### [Data segment]
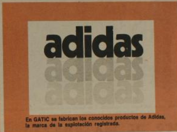
En GATIC se fabrican los conocidos productos de Adidas, la marca de la explotación registrada.

Ante el intento de este gobierno de sentar en el banquillo de los acusados, por delitos que tienen de 5 a 15 años de prisión, no a los oligarcas que nos explotan y entregan al imperialismo, sino a los trabajadores que son los productores de toda la riqueza, nos acercamos a los compañeros de la fábrica en San Martín, Provincia de Buenos Aires, para hacerles llegar nuestra solidaridad e informar mejor de su lucha.
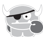
TARTAR THE TERRIBLE

### [Aim of the exercise]
Restate the data above word for word. Skip every picture.

### [Your solution]
En GATIC se fabrican los conocidos productos de Adidas, la marca de la explotación registrada.

Ante el intento de este gobierno de sentar en el banquillo de los acusados, por delitos que tienen de 5 a 15 años de prisión, no a los oligarcas que nos explotan y entregan al imperialismo, sino a los trabajadores que son los productores de toda la riqueza, nos acercamos a los compañeros de la fábrica en San Martín, Provincia de Buenos Aires, para hacerles llegar nuestra solidaridad e informar mejor de su lucha.
TARTAR THE TERRIBLE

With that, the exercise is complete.